1. Segment your video needs into three tiers, and employ different approaches in each one

Imagine you have $60,000 in your annual content budget earmarked for online video. Would you rather spend your entire budget on producing three Hollywood-style video assets at $20,000 a pop, or can you live with just one video masterpiece and save the remaining $40,000 to create dozens of perfectly good videos for scores of different campaigns?
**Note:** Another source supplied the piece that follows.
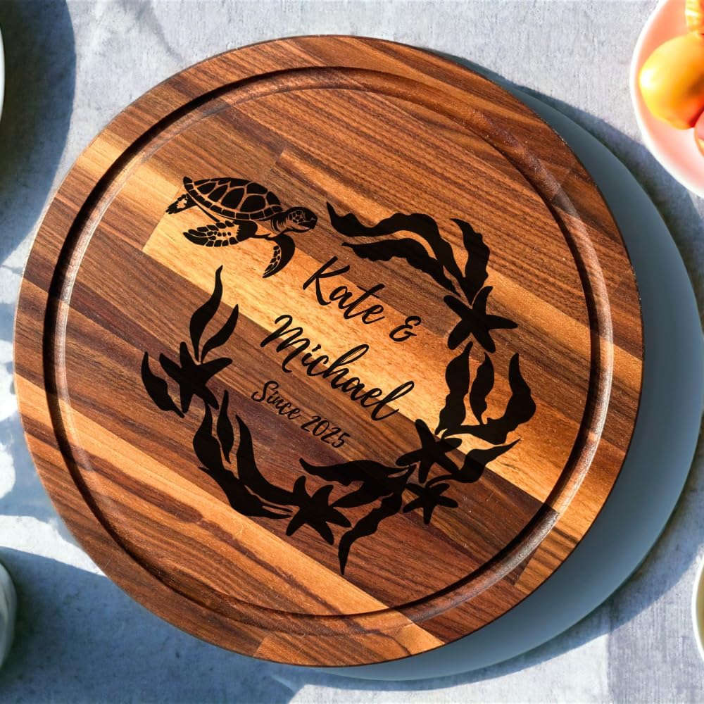 This sea turtle themed cutting board is made of walnut wood. Black walnut wood is a hardwood that’s environment resistant and appropriate for indoor and outdoor use especially as a cutting board. The wood has a straight grain, which can sometimes be irregular. It has a slightly coarse texture, and a deep natural shine when worked. All our wood products are food safe and natural. We definitely do not use varnish or any other toxic materials. We only use olive or sunflower oil to our products. Not Just for a cutting board. Performs well as a cheese board and charcuterie board. Use this walnut cutting board as a home and kitchen decor. Great as a sea turtle lovers gifts! Gifting it at valentines day, wedding, engagement, housewarming, mother’s day, and Christmas. Our cutting boards are available 5 styles: Rectangle, rectangle with juice groove, arched with juice groove, board with handle (only 1 size available as a large) Round pizza board Available dimensions: Medium: 12” x 8” x 0.8” (long x width x thick) Large: 16” x 11.5” x 0.8” (long x width x thick) 11.5" Round 15.5" Round HOW TO ORDER -Select your board type, size and design option. - Then, in personalization box, indicate where your design will be on cutting board. If you want to ask, change or request on your order, we are here to help !!

In my experience, marketers are well-served by dividing their video efforts into three tiers — each with different levels of visibility, production values, and expenditure/effort per segment:

  • Showpiece videos: These are the splashy pieces that grace the front door of your website. They play in your trade show booth. They kick off your sales meetings. They are meant to turn heads, grab attention, get the heart pounding, and stop a visitor in his or her tracks.  Kind of like this one from Olympus or the General Motors video-enabled homepage. Pull out all the stops on these videos, for they help define your company, your brand, and the aura that surrounds them.
  • Workhorse videos: These videos explain your most important products, highlight your key technologies, and introduce your most visible people to help move prospective buyers along in the buying process. They’re important because they show and explain at a high level. They are crisp, clear, and are typically the videos that get passed around when a group is involved in a buying decision.  Take, for example, this simple product video from Salesforce.com — one of more than 2,600 on their website and YouTube channel. You don’t need to be splashy or cute here — just focused, authoritative, clear, and in a style that conveys the personality of your organization. And the expenditure per minute can be one-fifth what your showpieces will cost.
  • Long-tail videos: Video is a great way to provide prospects with a much deeper understanding of your products (and the thinking behind them), as well as to answer frequently asked questions. This is where the involvement of subject-matter experts in your company — the people who invent your technologies and support your customers in the field — can really add value. The topics covered in these videos typically apply to more of a niche-based interest — they exist on the longtailof interest. Here’s an example of long-tail video content from Alcatel-Lucent: an online video presentation that’s really a chalk-talk about a key technology. This content can be critically important to a content marketing strategy; the key is to preserve the power of video while keeping the expenditure very, very low.

Allocating your marketing budget among these three tiers — and making sure you spend appropriately for each video you produce — is a critical first step. But it’s just a start.

2. Broaden your definition of what a video is

Over the course of years, network television ingrained in us a concept of what a video is: a linear story, with a beginning, middle, and end, designed to be viewed in its entirety. All the action happens within a 16-by-9 frame. It creates a largely passive experience — the choices are to watch it or turn it off. And it’s got a certain “look”, characterized by high production values. Take, for example, this example of a showpiece video that DigiNovations produced recently for Piper Aircraft.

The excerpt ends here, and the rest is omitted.